Regulations and mandates are especially worrisome to Coloradans because they are by-and-large small business people. Nearly half of all of Colorado’s private sector workers work for a small business. In order to comply with federal regulations, those small businesses already pay on average more than $10,000 each year, per employee. The Obama Administration has more than 4,000 new regulations in the works. Regulations that will drive up costs for small businesses, making that much harder for them to invest, grow, and hire more people. A Gallup poll earlier this year found 85 percent of small businesses surveyed weren’t hiring and about half cited government regulations as the principal reason.

Coloradans, who drive a lot in our wide open spaces, are concerned about high gasoline prices. Many are paying a hundred dollars a week to fill up their gas tanks.
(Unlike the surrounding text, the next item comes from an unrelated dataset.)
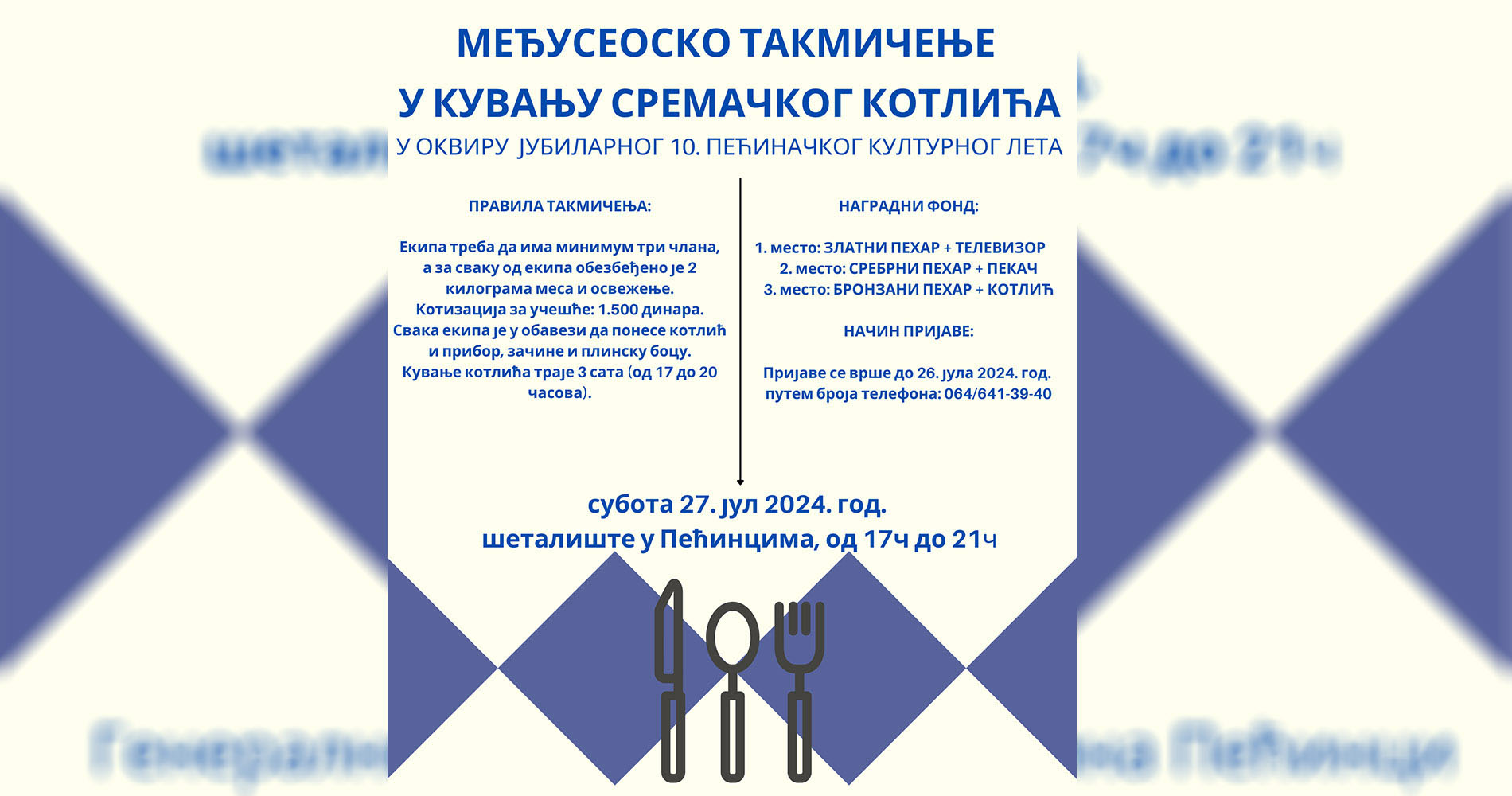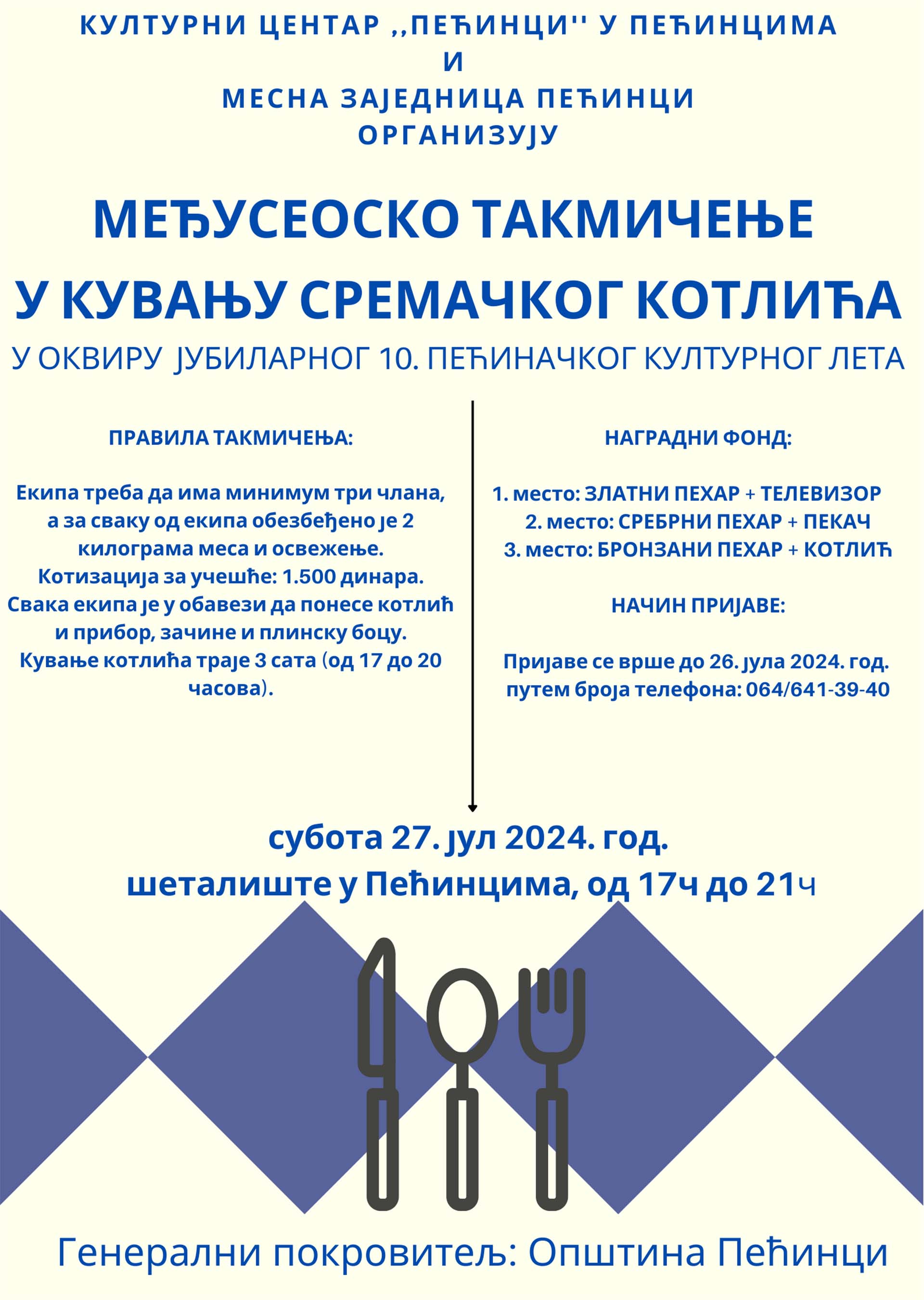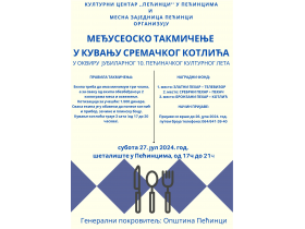 Културни центар “Пећинци” у Пећинцима у сарадњи са Саветом месне заједнице Пећинци организује Међусеоско такмичење у кувању сремачког котлића које ће се одржати у суботу 27. јула на шеталишту у Пећинцима од 17.00 часова у оквиру јубиларног, 10. Пећиначког културног лета.

The high prices are frustrating because the state sits on vast amounts of energy, especially natural gas, not to mention one of the nation’s largest untapped energy reserves – oil shale deposits in Western Colorado. According to the U.S. Geological Survey, Colorado, along with parts of Utah and Wyoming, hold more than 1.5 trillion barrels of oil –enough to provide the United States with energy for the next 200 years.
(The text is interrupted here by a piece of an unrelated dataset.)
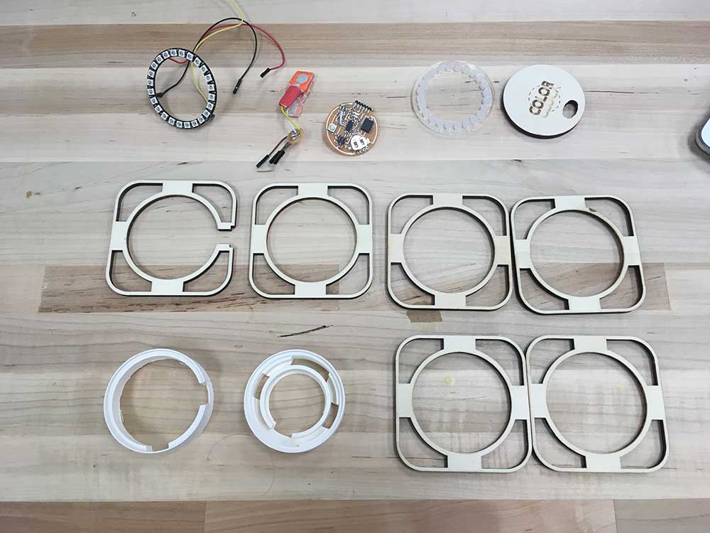 The entire Color Clock can be assembled with 13 pieces. The only pieces that were not made in the Fab Lab include the Neopixel ring and the electronic components.
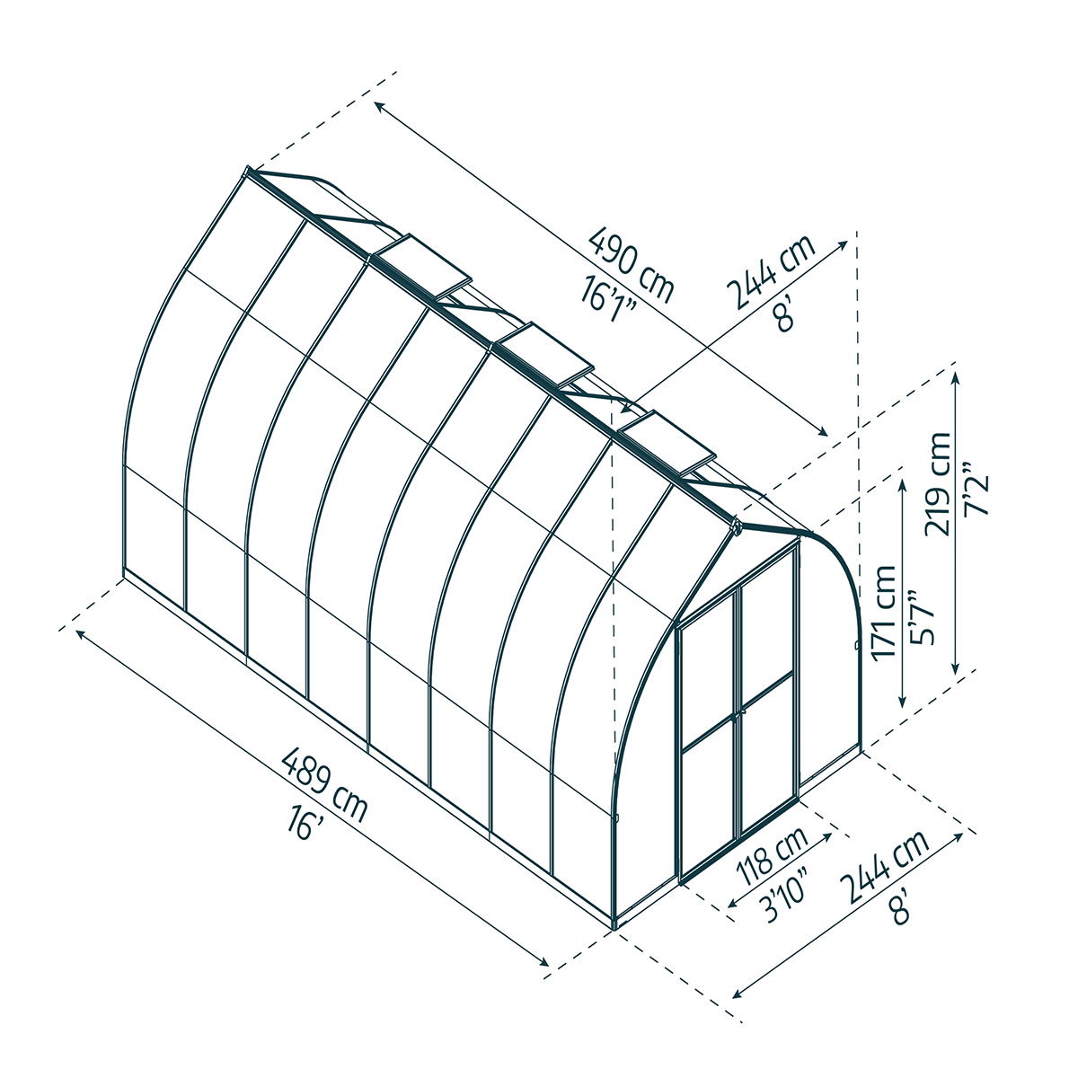 Bella 12 m² drivhuset har en bredde på 2,4 meter og et klokkeformet design, der giver ekstra plads og forbedret vindmodstand. De brede dobbeltdøre og høje indgang gør det nemt at arbejde inde i drivhuset, flytte planter eller opbevare værktøj.

Earlier this year, I passed a bipartisan historic bill through the House, the PIONEERS Act. It would increase access to energy and create jobs by opening up oil shale in our Western states, opening up most of the Outer Continental Shelf to oil and gas production, opening up the Arctic National Wildlife Refuge to energy production, and requiring the Keystone Pipeline project to be approved. Under President Obama all these initiatives have been stifled.

Mitt Romney and Paul Ryan have a golden opportunity to seize this moment and show Coloradans a dramatic contrast between the promise of a free economy versus four more years of big government solutions.
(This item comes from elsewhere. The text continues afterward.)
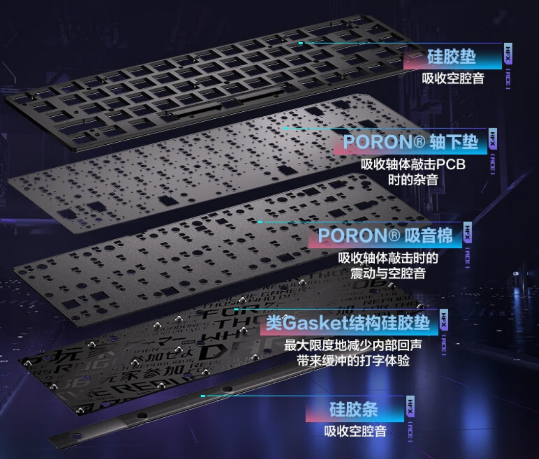 甚至这个键盘还做了5层填充,硅胶垫+Poron轴下垫+Poron吸音棉+硅胶底垫+硅胶条,这算是象征ROG正式加入客制化队伍。

How in the world will four more years of doubling down on the same failed policies under a reelected Barack Obama turn things around? If the minds of Coloradans this election are focused on the record of President Obama, he loses. If, however, he can succeed in making Mitt Romney the issue, or muddying the waters enough about Governor Romney’s motives or abilities, he can still pull it off.

My belief is that Colorado will do what it did in 1996. It was one of only three states to flip from earlier supporting a Democrat in 1992 to supporting a Republican for president. The saying might become, as goes Colorado, so goes the nation.

Lamborn is a third-term congressman representing Colorado’s Fifth Congressional District.